An Ohio felon who was barred from owning a gun still got one—and police say it ended with a mother of two dead after a chilling “she got what she deserved” confession.
Quick Take
- Dayton police arrested 34-year-old Jayme Rogers after he allegedly shot his 33-year-old girlfriend, Jaime Dick, around 2 a.m. and then called 911 admitting he did it.
- Authorities say Rogers claimed Dick “got what she deserved” because he believed she was cheating, a stark example of jealous rage turning into lethal domestic violence.
- Court records cited in reporting indicate Rogers was a convicted felon with prior drug convictions and was prohibited from possessing firearms.
- Prosecutors filed charges including murder, felonious assault, and weapons violations; a judge set bond at $1 million with a court date scheduled for Feb. 20, 2026.
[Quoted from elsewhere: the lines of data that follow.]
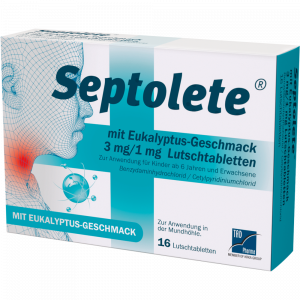 Wirkstoffe: Benzydaminhydrochlorid/Cetylpyridiniumchlorid. Anwendungsgebiete: Septolete mit Eukalyptus-Geschmack wird angewendet zur Behandlung von Halsschmerzen in Verbindung mit leichten Entzündungen im Mund- und Rachenraum (einschließlich Pharyngitis). Wenn Sie sich nach 3 Tagen nicht besser oder gar schlechter fühlen, wenden Sie sich an Ihren Arzt. Warnhinweise: Septolete mit Eukalyptus-Geschmack enthält Isomalt (E953).
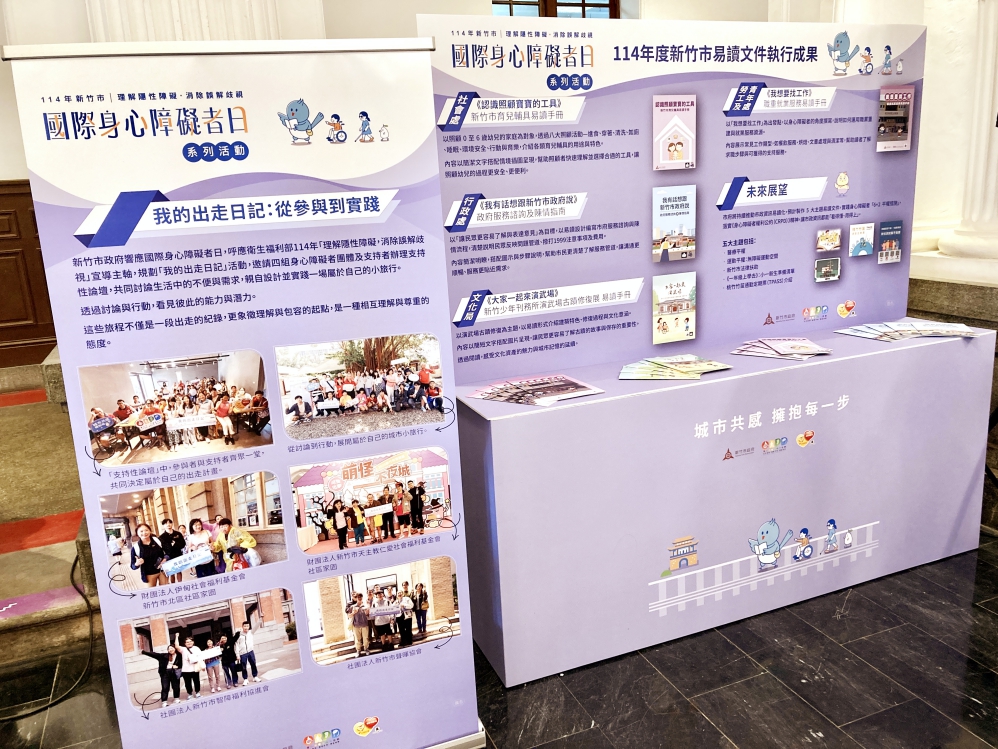 ▲新竹市國際身障者日系列活動開跑!新竹市政府特於今(11/28)日盛大舉行記者會,現場展示竹市府社會處、文化局、行政處、勞工及青年處製作4大主題易讀文件,實踐身心障礙者權利公約平等參與精神。
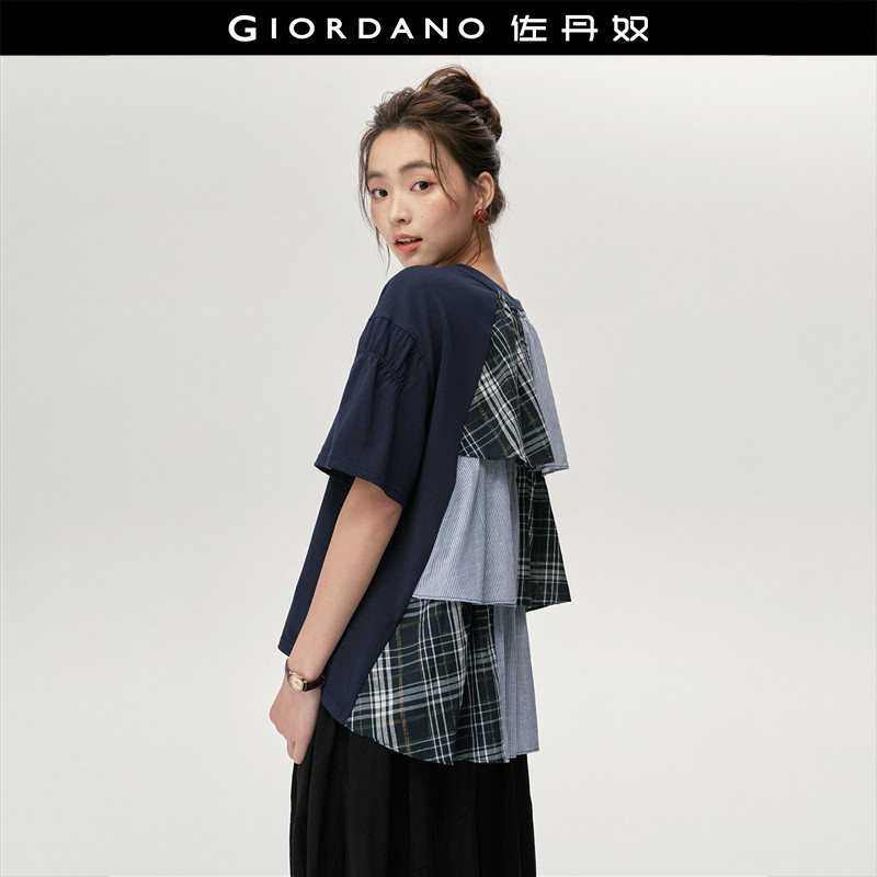 设计师款佐丹奴宽松T恤女拼接后幅格纹条纹圆领短袖T恤女18325815
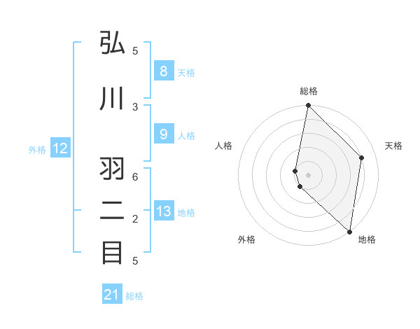弘川 羽二目さんを姓名の画数から五運を鑑定
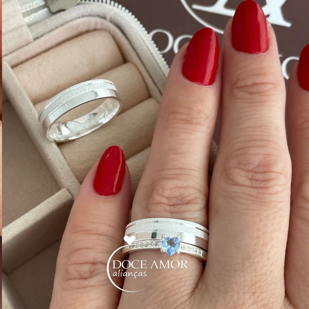 Par de Alianças em Prata 950 5mm Modelo: DA-300-2 Solitário Ellegance
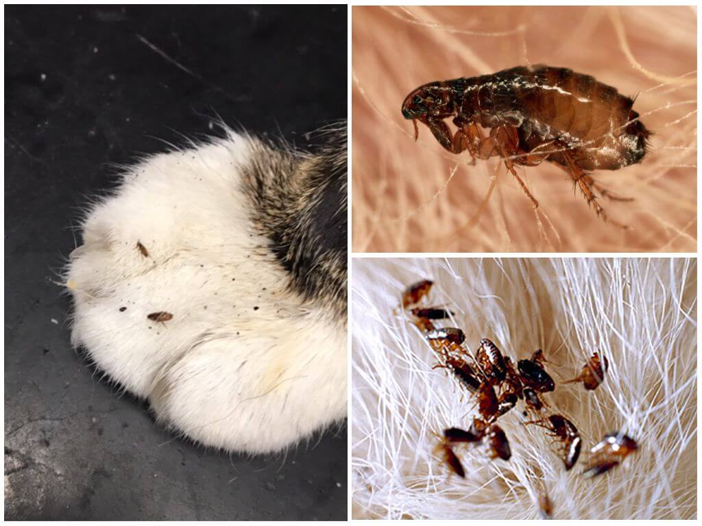 Пропустить момент заражения блохами довольно сложно: животное сразу начинает проявлять беспокойство, чесаться. На местах укусов появляются припухлости, красные волдыри. Выявить заражение просто — достаточно раздвинуть шерсть животного и внимательно рассмотреть кожу. Также можно обнаружить личинки при расчесывании питомца.
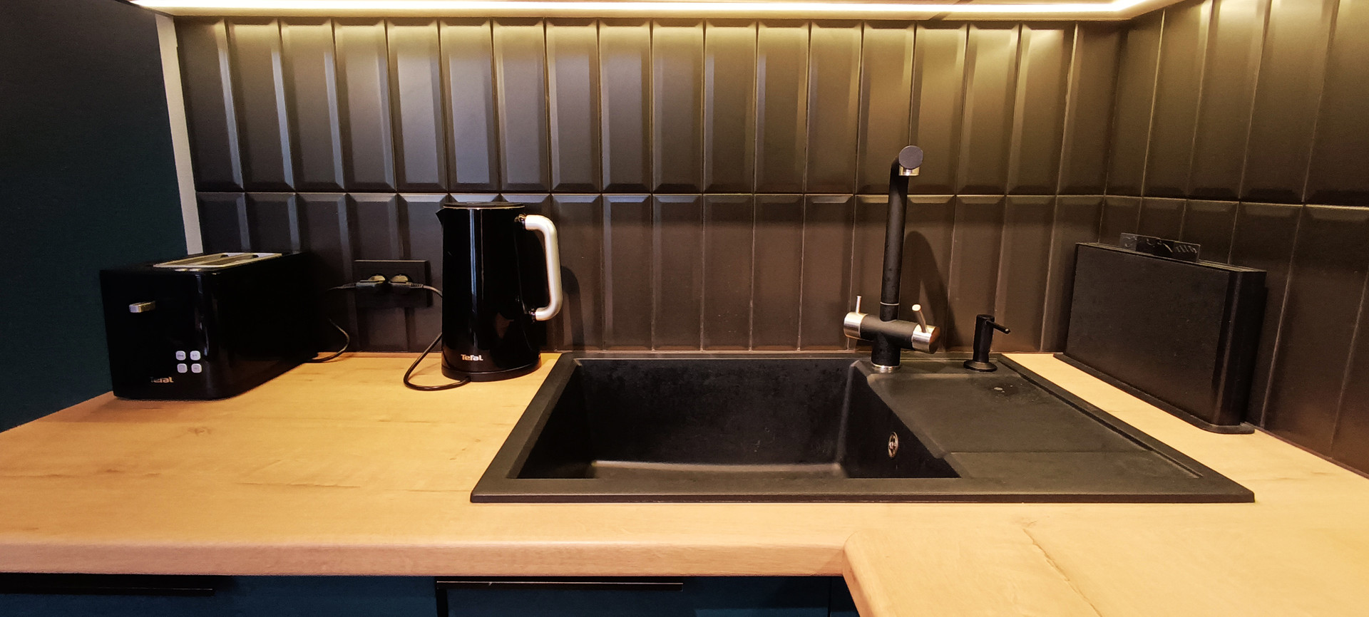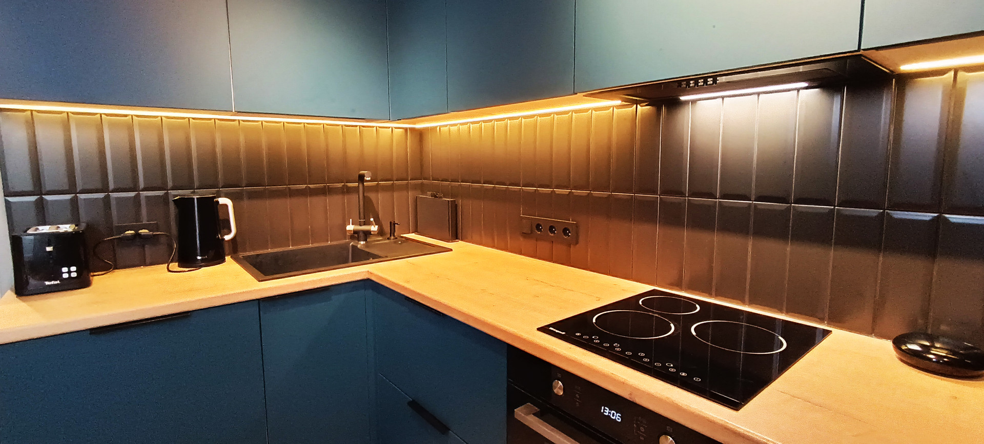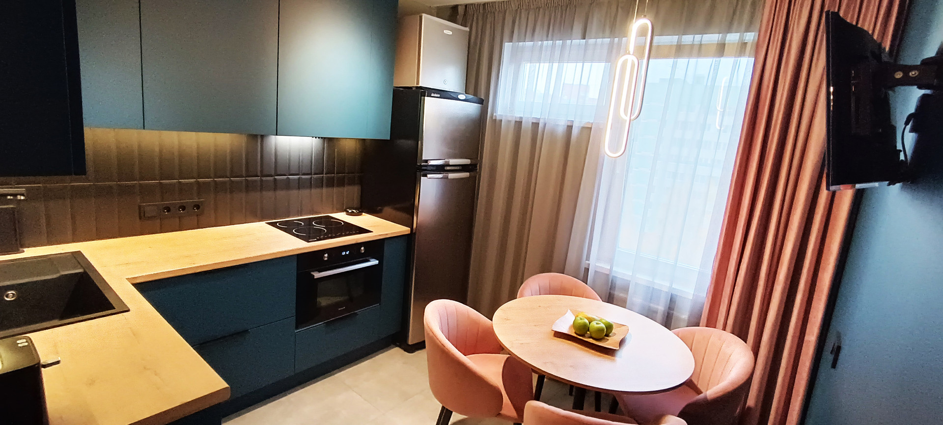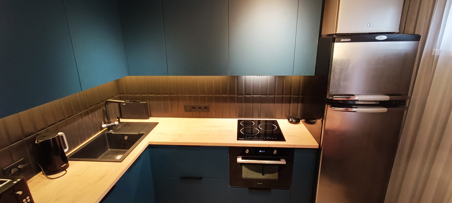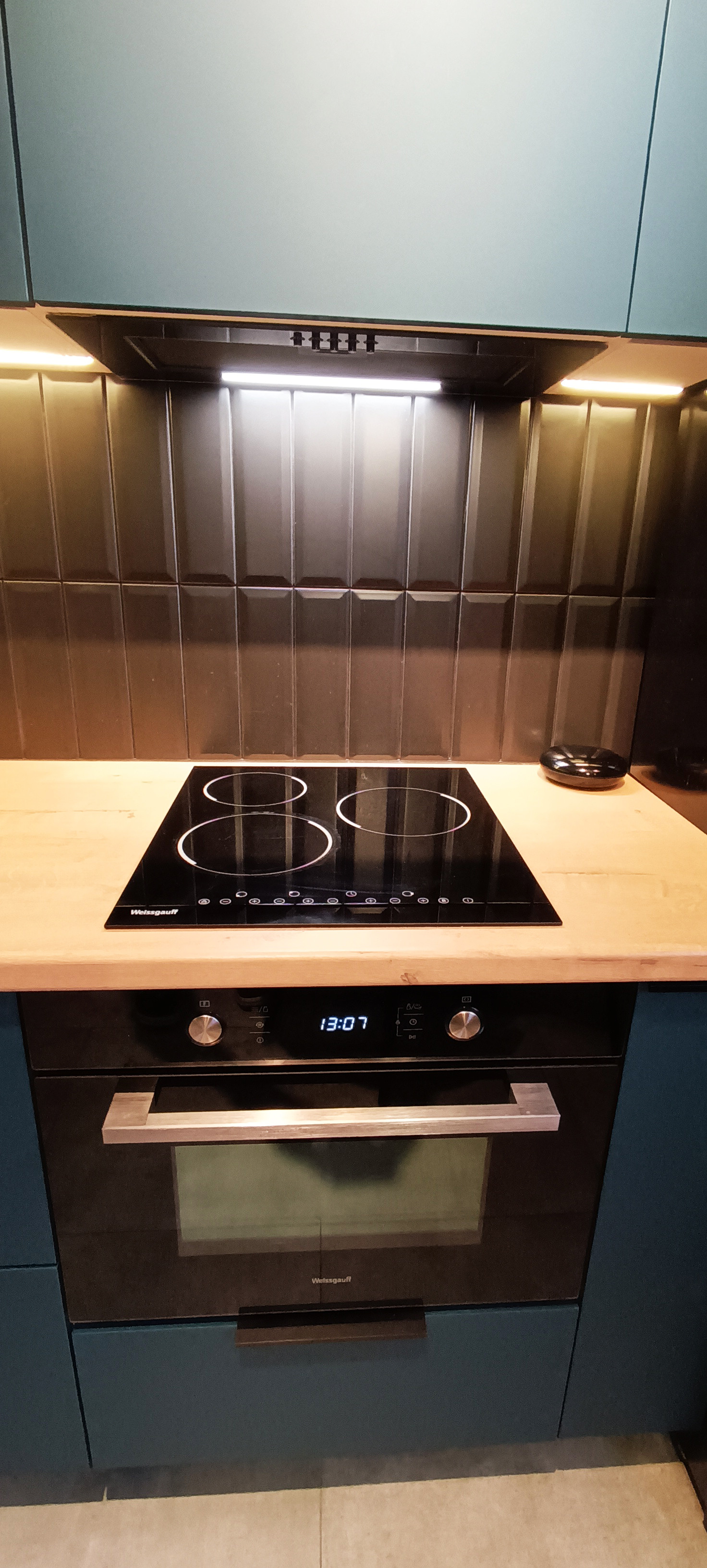 - кухня очень красивого изумрудного цвета (8,3 кв.м) оборудована кухонным гарнитуром со всей необходимой бытовой техникой (варочная панель Wеissgаuff, духовой шкаф Wеissgаuff, большая посудомоечная машина Воsсh, вытяжка Wеissgаuff) - кухонный гарнитур и вся техника остаются новым жильцам;
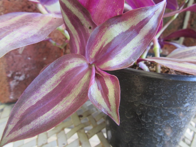 I brought this Tradescantia zebrina home from Wagler’s Greenhouse on 9-13-18 along with the Tradescantia fluminensis ‘Variegata’. Although basically any “trailing” Tradescantia is commonly referred to as Wandering Jew, “officially” T. zebrina is the Inch Plant and T. fluminensis is the Small-Leaved Spiderwort.
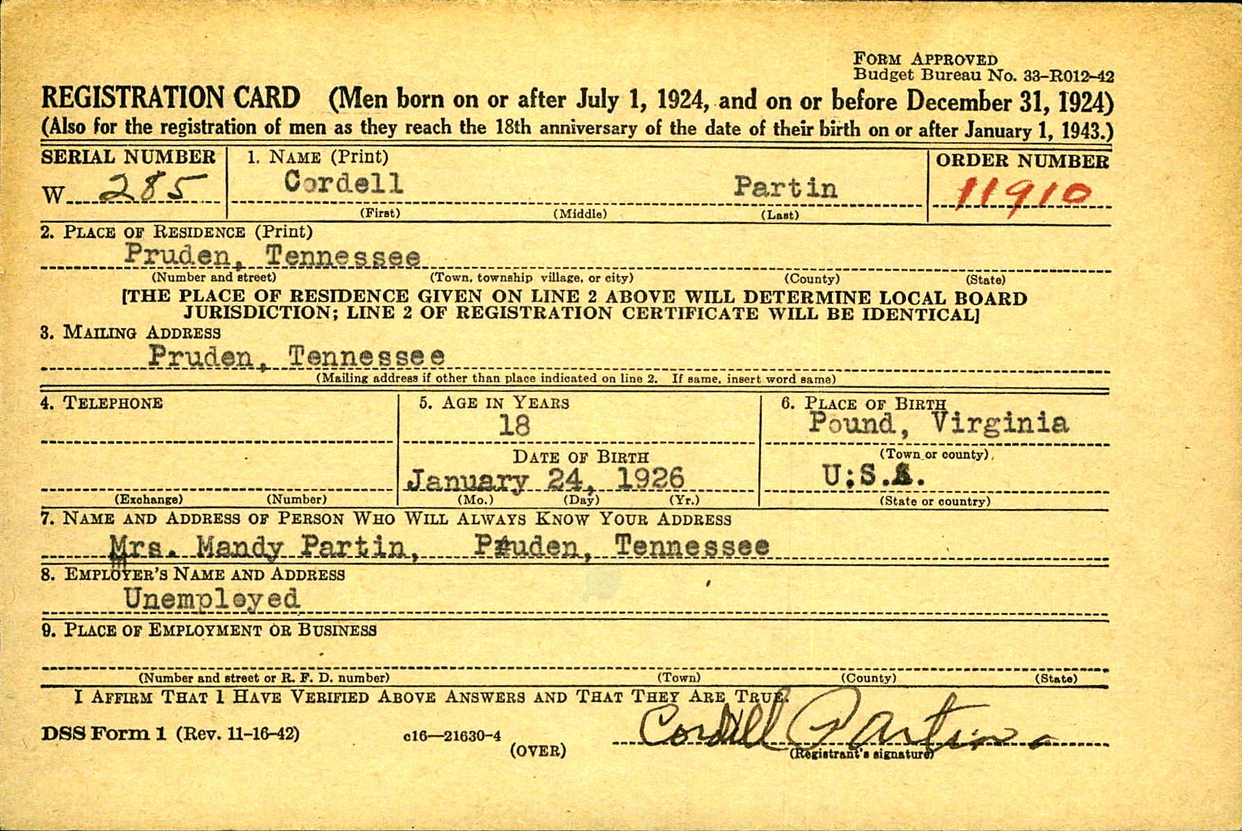 Cordell Partin was born on 24 January 1926 in Pound, Virginia. He was the son of James “Jim” Henry Partin and Mandy Jane Mullins.
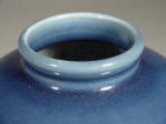thick powder blue glaze stopping well above the foot showing slight burning

Dayton shooting centers on a 911 call and an immediate surrender
Dayton, Ohio police responded to a shooting after a 911 caller identified as Jayme Rogers reportedly said someone had been shot and that he was the one who shot her. Reporting states the call came around 2 a.m. on a Tuesday “last week” relative to the Feb. 16 publication date. Police said Rogers walked outside to meet officers when they arrived and repeated his admission, streamlining the early investigation.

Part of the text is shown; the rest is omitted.